_Entries supplied_.
—————
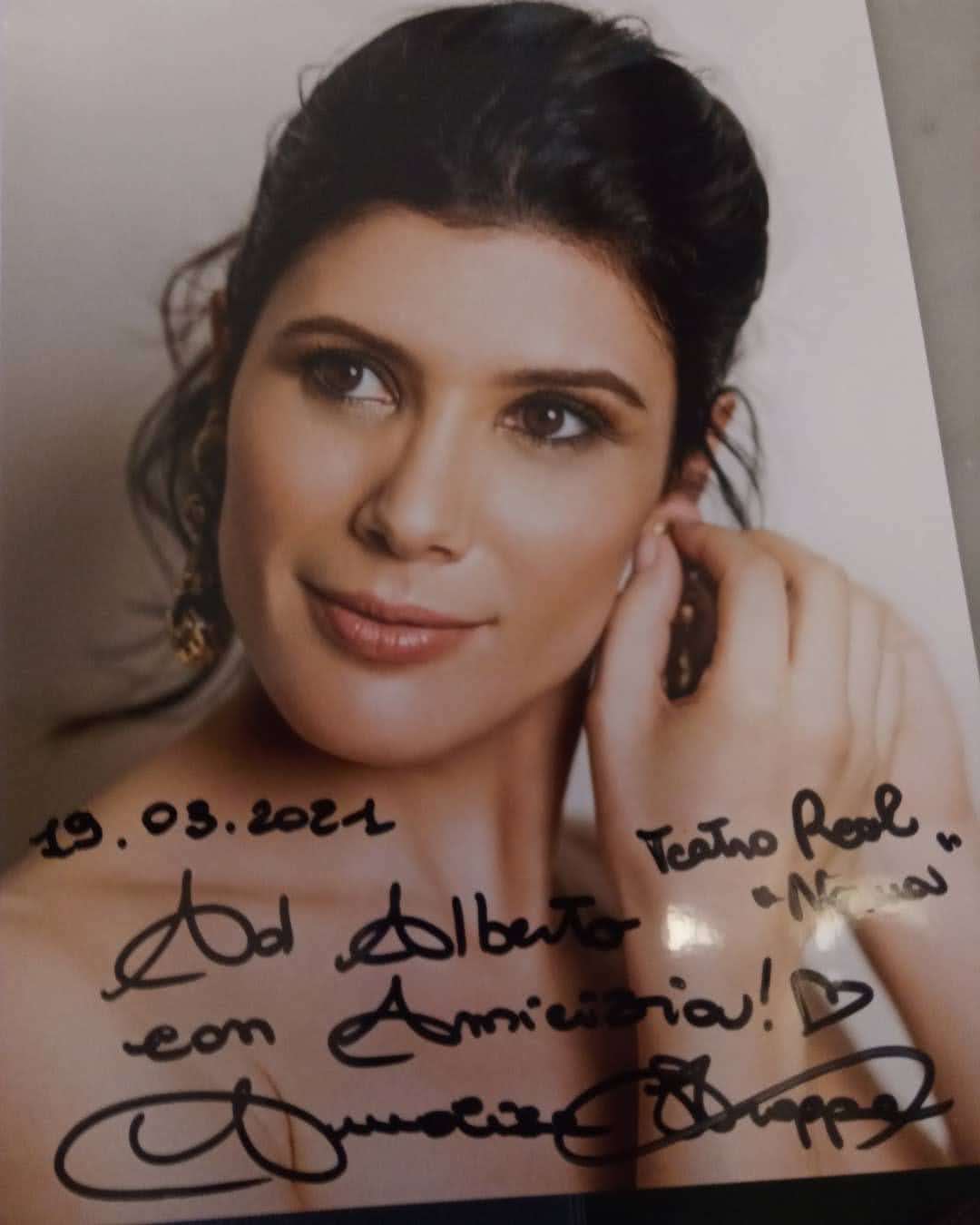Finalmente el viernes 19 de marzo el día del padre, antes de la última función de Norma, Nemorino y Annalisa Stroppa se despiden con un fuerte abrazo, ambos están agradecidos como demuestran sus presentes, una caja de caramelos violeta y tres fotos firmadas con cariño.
—————
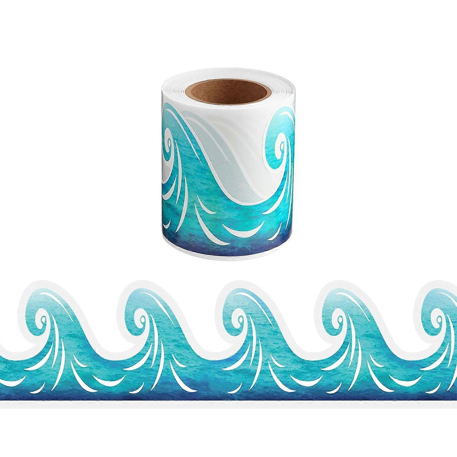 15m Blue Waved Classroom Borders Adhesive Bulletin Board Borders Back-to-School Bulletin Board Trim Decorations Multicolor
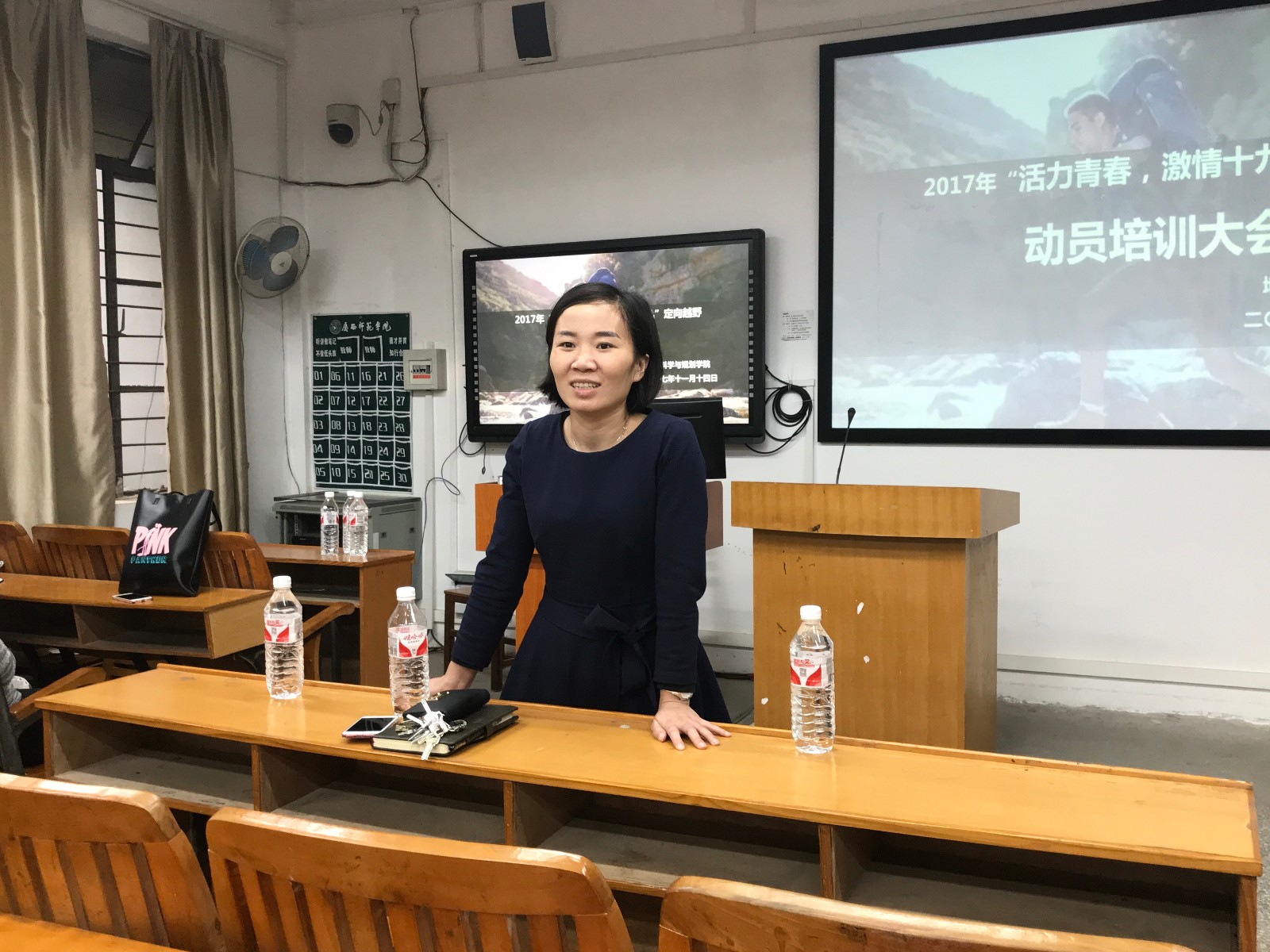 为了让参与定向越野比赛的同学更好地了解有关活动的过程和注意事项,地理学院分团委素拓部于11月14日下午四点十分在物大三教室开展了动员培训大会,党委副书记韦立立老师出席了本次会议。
—————
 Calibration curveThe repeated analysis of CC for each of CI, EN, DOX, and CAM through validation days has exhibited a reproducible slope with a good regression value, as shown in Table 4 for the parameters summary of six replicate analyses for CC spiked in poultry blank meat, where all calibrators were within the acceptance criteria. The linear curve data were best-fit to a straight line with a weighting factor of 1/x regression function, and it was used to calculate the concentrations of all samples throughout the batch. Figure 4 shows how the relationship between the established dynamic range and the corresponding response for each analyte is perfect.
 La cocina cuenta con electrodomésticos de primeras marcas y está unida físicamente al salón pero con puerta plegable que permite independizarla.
—————
Take the listing above and repeat exactly the lines from the one containing "Calibration curveThe repeated" through the one containing "La cocina cuenta", both included.

 Calibration curveThe repeated analysis of CC for each of CI, EN, DOX, and CAM through validation days has exhibited a reproducible slope with a good regression value, as shown in Table 4 for the parameters summary of six replicate analyses for CC spiked in poultry blank meat, where all calibrators were within the acceptance criteria. The linear curve data were best-fit to a straight line with a weighting factor of 1/x regression function, and it was used to calculate the concentrations of all samples throughout the batch. Figure 4 shows how the relationship between the established dynamic range and the corresponding response for each analyte is perfect.
 La cocina cuenta con electrodomésticos de primeras marcas y está unida físicamente al salón pero con puerta plegable que permite independizarla.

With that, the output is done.